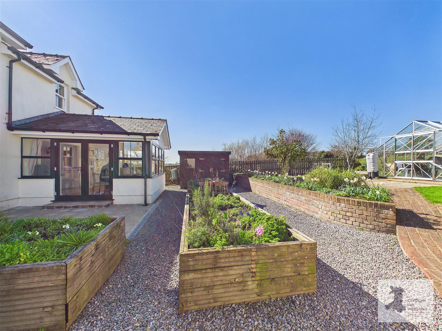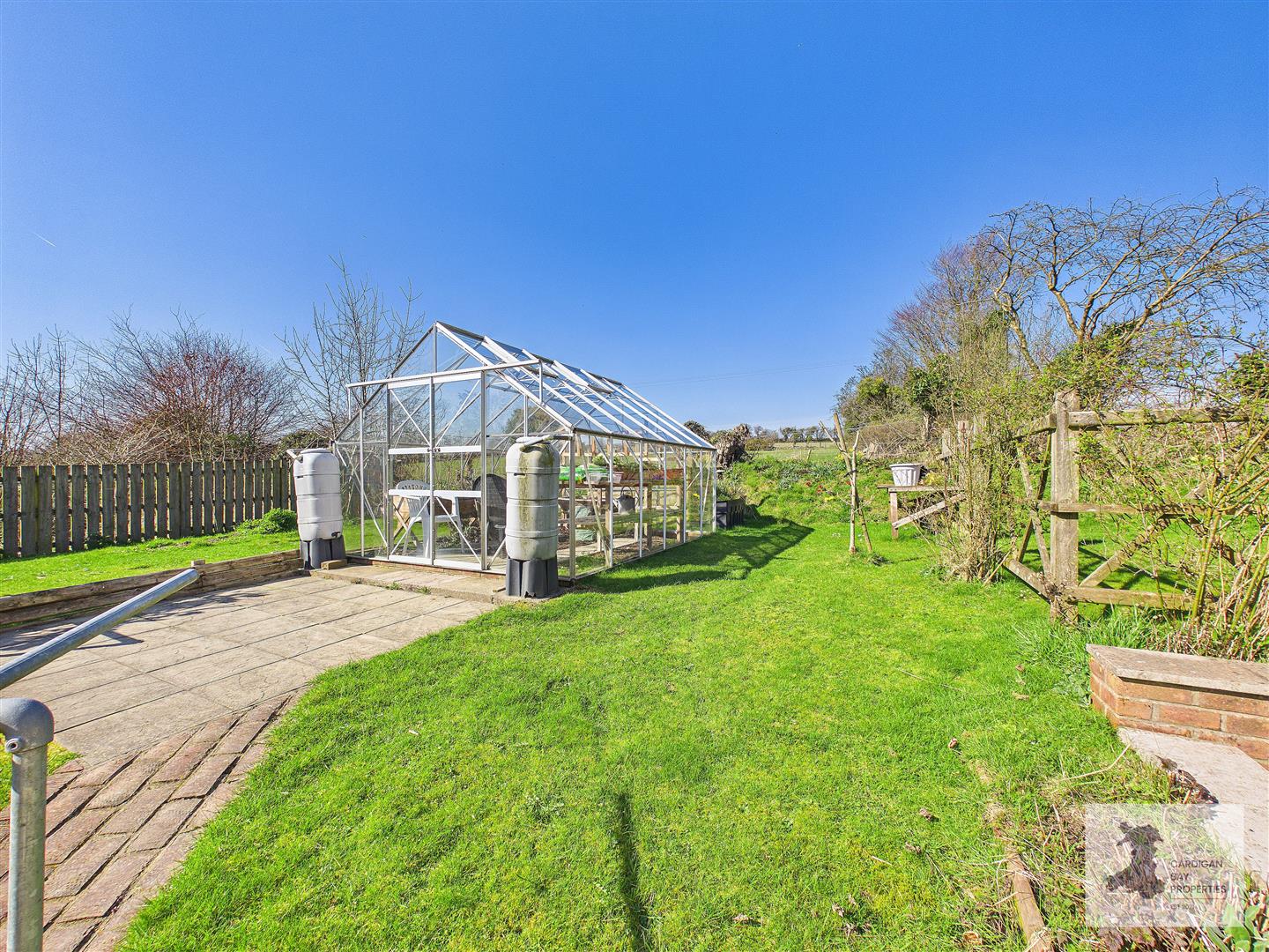 Externally, the rear garden is set up for straightforward use, with a patio seating area directly off the garden room and a lawned section beyond. There is space for planting, growing or simply keeping things manageable depending on preference. A greenhouse and additional garden features add to the overall usability of the space, as well as a garden shed.
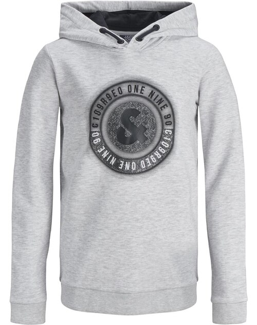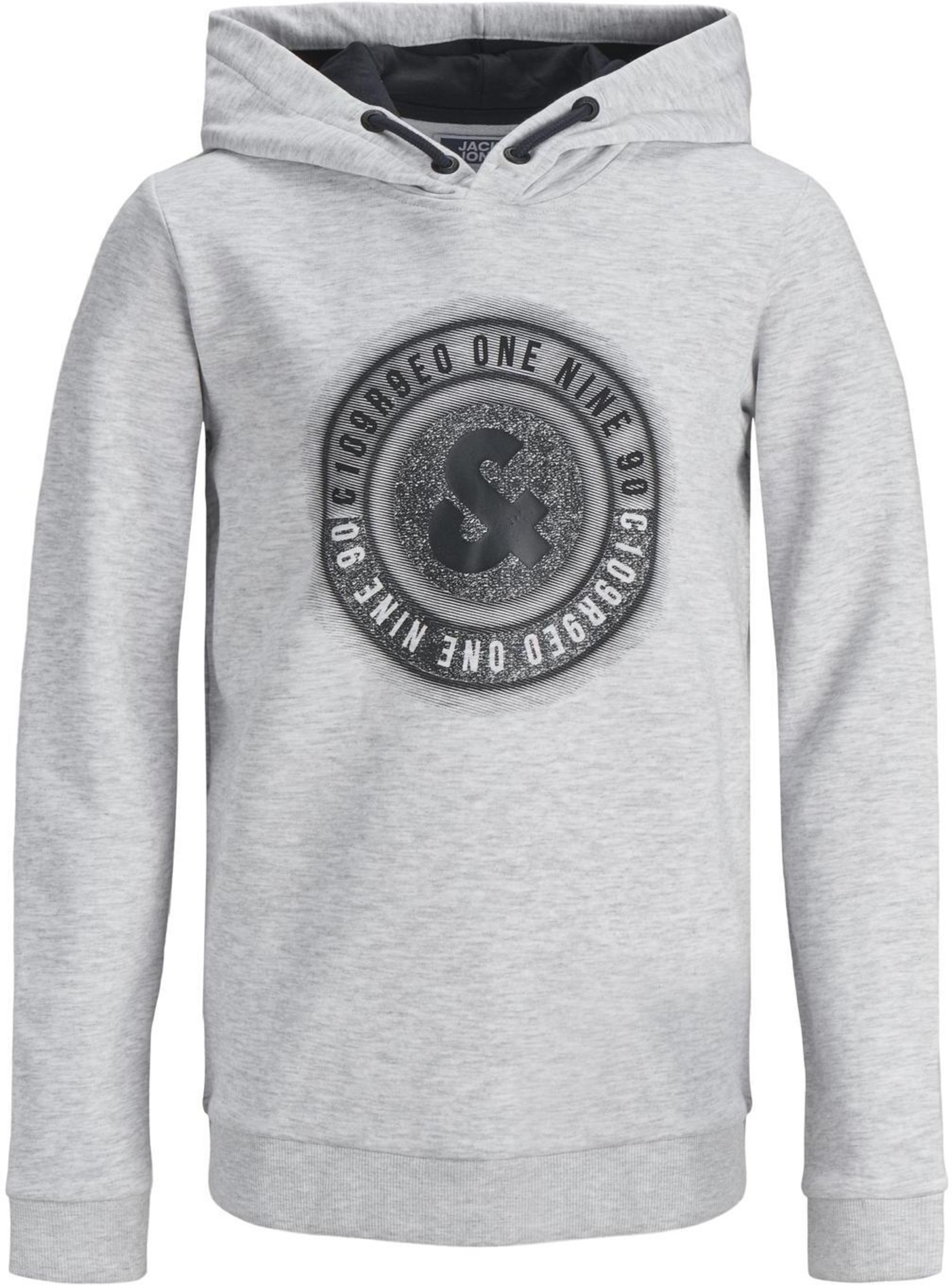 Stylischer Hoodie in white melange mit Logo-Print von JACK & JONES JUNIOR. Innen ist der Pullover weich gewebt und somit an kühlen Tagen ein toller Begleiter.
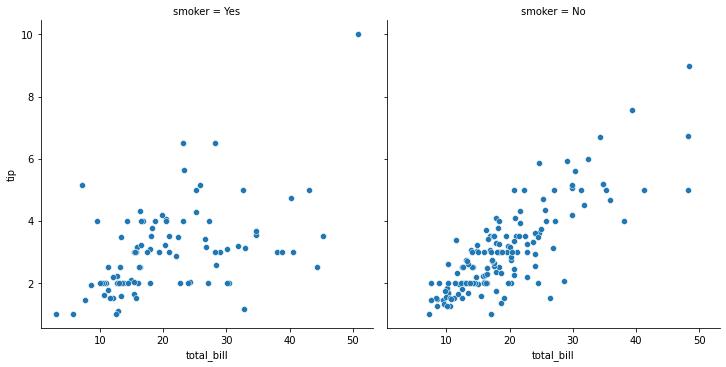 sns.relplot(x="total_bill", y="tip", data=tips, kind="scatter", col="smoker", row="time") plt.show()
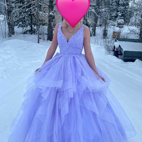 Kaunis, kerman-/samppanjanvärinen keijukaismekko tanssiaisiin. Helmaan valuvana ihania kukkais- ja hopeankimalteisia paljettiyksityiskohtia. 🤍
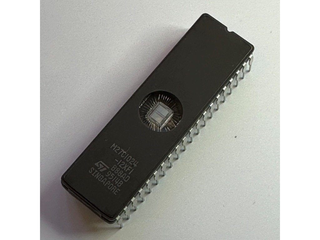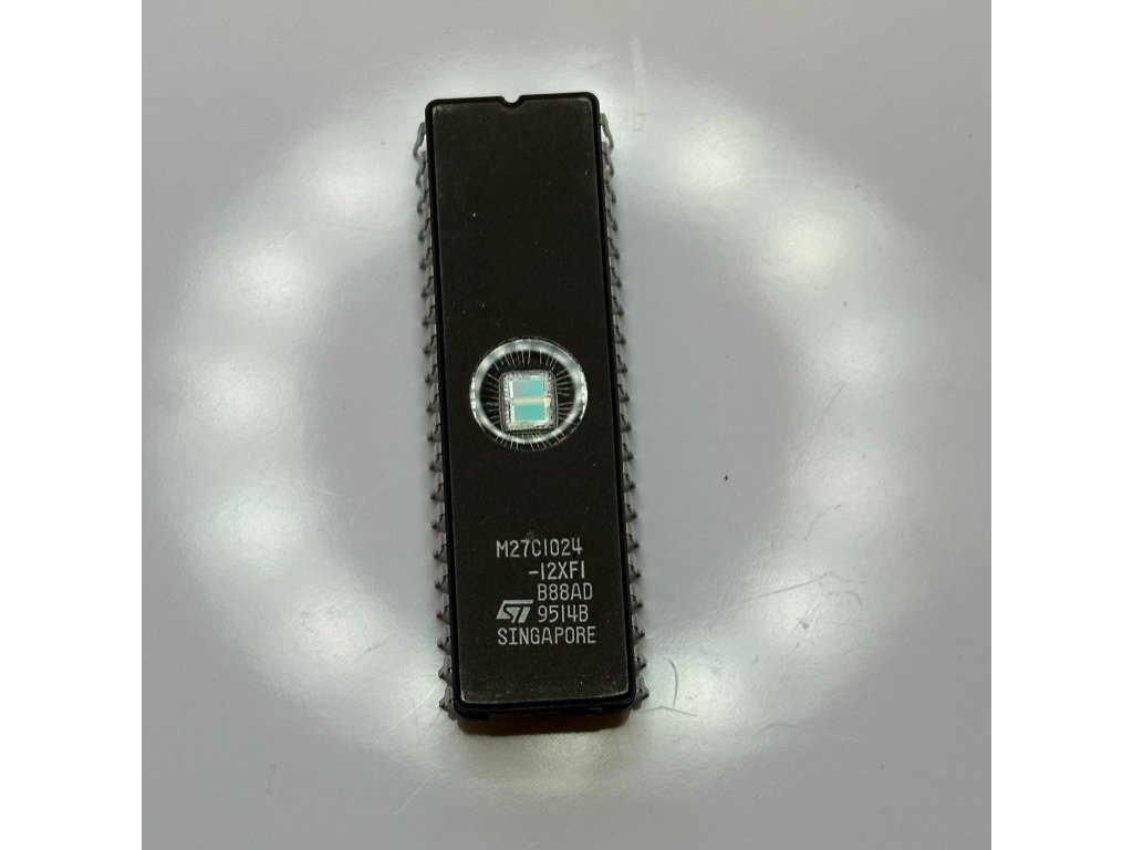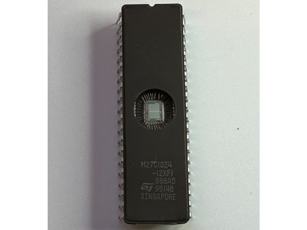 STMicroelectronics M27C1024-12XF1 (27C1024-120) UV-Eprom-Speicher 120ns 1MBit 64kx16 DIP 40-pin 1.048.576-Bit (64kx16). Der M27C1024-12XF1 eignet sich ideal für Mikroprozessorsysteme, die große Datenmengen oder Programmspeicher benötigen, und ist in 65.536 Wörter à 16 Bit organisiert. Das FDIP40W-Gehäuse (Fensterkeramik-Fritte-Versiegelung) verfügt über einen transparenten Deckel, der es dem Benutzer ermöglicht, den Chip ultraviolettem Licht auszusetzen, um das Bitmuster zu löschen. Anschließend kann gemäß dem Programmierverfahren ein neues Muster auf den Baustein geschrieben werden.
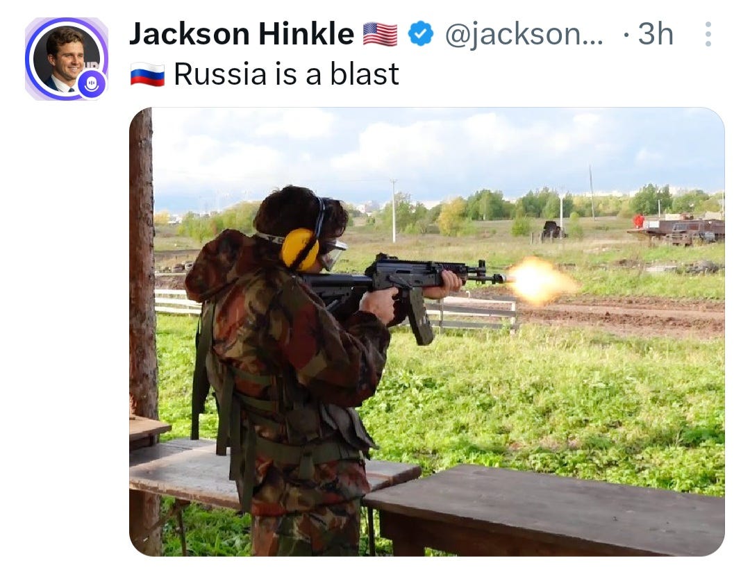 Back in September Jackson Hinkle visited Russia where he got a chance to shoot off some weapons and visit the grave of the Wagner Group founder Yevgeny Prigozhin.
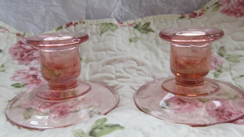 Title (ebay affiliate link): Candle Holders Pink Depression Glass

PROBLEM :: Please print the listing above again word for word, without its pictures.

OUTPUT BELOW ::
 Externally, the rear garden is set up for straightforward use, with a patio seating area directly off the garden room and a lawned section beyond. There is space for planting, growing or simply keeping things manageable depending on preference. A greenhouse and additional garden features add to the overall usability of the space, as well as a garden shed.
 Stylischer Hoodie in white melange mit Logo-Print von JACK & JONES JUNIOR. Innen ist der Pullover weich gewebt und somit an kühlen Tagen ein toller Begleiter.
 sns.relplot(x="total_bill", y="tip", data=tips, kind="scatter", col="smoker", row="time") plt.show()
 Kaunis, kerman-/samppanjanvärinen keijukaismekko tanssiaisiin. Helmaan valuvana ihania kukkais- ja hopeankimalteisia paljettiyksityiskohtia. 🤍
 STMicroelectronics M27C1024-12XF1 (27C1024-120) UV-Eprom-Speicher 120ns 1MBit 64kx16 DIP 40-pin 1.048.576-Bit (64kx16). Der M27C1024-12XF1 eignet sich ideal für Mikroprozessorsysteme, die große Datenmengen oder Programmspeicher benötigen, und ist in 65.536 Wörter à 16 Bit organisiert. Das FDIP40W-Gehäuse (Fensterkeramik-Fritte-Versiegelung) verfügt über einen transparenten Deckel, der es dem Benutzer ermöglicht, den Chip ultraviolettem Licht auszusetzen, um das Bitmuster zu löschen. Anschließend kann gemäß dem Programmierverfahren ein neues Muster auf den Baustein geschrieben werden.
 Back in September Jackson Hinkle visited Russia where he got a chance to shoot off some weapons and visit the grave of the Wagner Group founder Yevgeny Prigozhin.
 Title (ebay affiliate link): Candle Holders Pink Depression Glass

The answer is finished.